RECORDS SHOWN >>
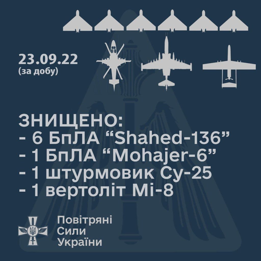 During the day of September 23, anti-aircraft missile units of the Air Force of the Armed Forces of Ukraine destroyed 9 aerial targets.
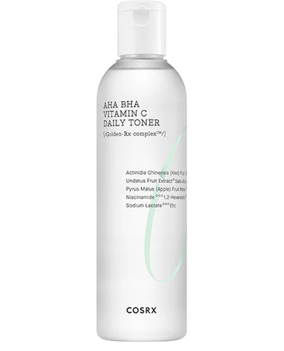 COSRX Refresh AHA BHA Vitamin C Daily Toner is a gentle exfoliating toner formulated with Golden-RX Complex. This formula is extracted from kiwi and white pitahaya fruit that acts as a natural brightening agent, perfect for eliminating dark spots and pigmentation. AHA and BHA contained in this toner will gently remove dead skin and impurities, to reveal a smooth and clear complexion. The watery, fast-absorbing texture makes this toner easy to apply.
--
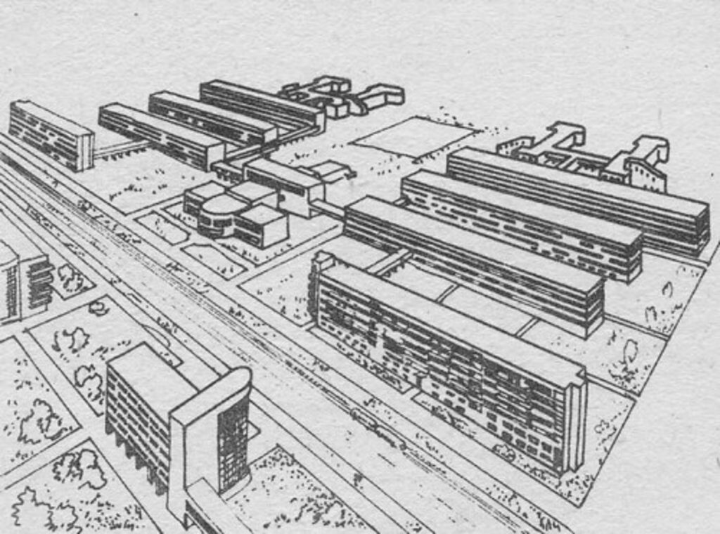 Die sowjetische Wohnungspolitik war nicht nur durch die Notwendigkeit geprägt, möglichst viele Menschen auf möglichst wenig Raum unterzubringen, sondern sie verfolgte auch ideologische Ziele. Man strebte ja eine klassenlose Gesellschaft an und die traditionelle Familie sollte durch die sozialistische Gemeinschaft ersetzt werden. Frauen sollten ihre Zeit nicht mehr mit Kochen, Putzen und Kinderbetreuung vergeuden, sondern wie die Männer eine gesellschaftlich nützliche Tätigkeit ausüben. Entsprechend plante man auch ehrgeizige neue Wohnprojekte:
---
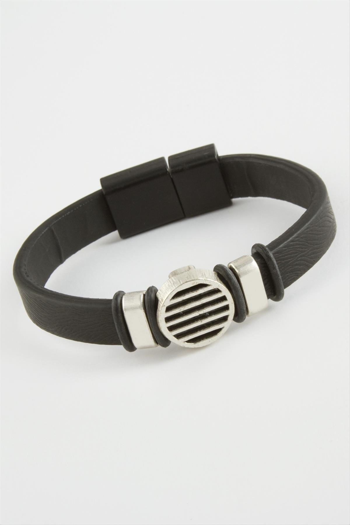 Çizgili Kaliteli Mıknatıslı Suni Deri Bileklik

TASK TO CARRY OUT >> Give again the stretch of the entries above that begins at the line with "During the day" and ends at the line with "COSRX Refresh AHA", word for word, with no pictures.

ANSWER BELOW >>
 During the day of September 23, anti-aircraft missile units of the Air Force of the Armed Forces of Ukraine destroyed 9 aerial targets.
 COSRX Refresh AHA BHA Vitamin C Daily Toner is a gentle exfoliating toner formulated with Golden-RX Complex. This formula is extracted from kiwi and white pitahaya fruit that acts as a natural brightening agent, perfect for eliminating dark spots and pigmentation. AHA and BHA contained in this toner will gently remove dead skin and impurities, to reveal a smooth and clear complexion. The watery, fast-absorbing texture makes this toner easy to apply.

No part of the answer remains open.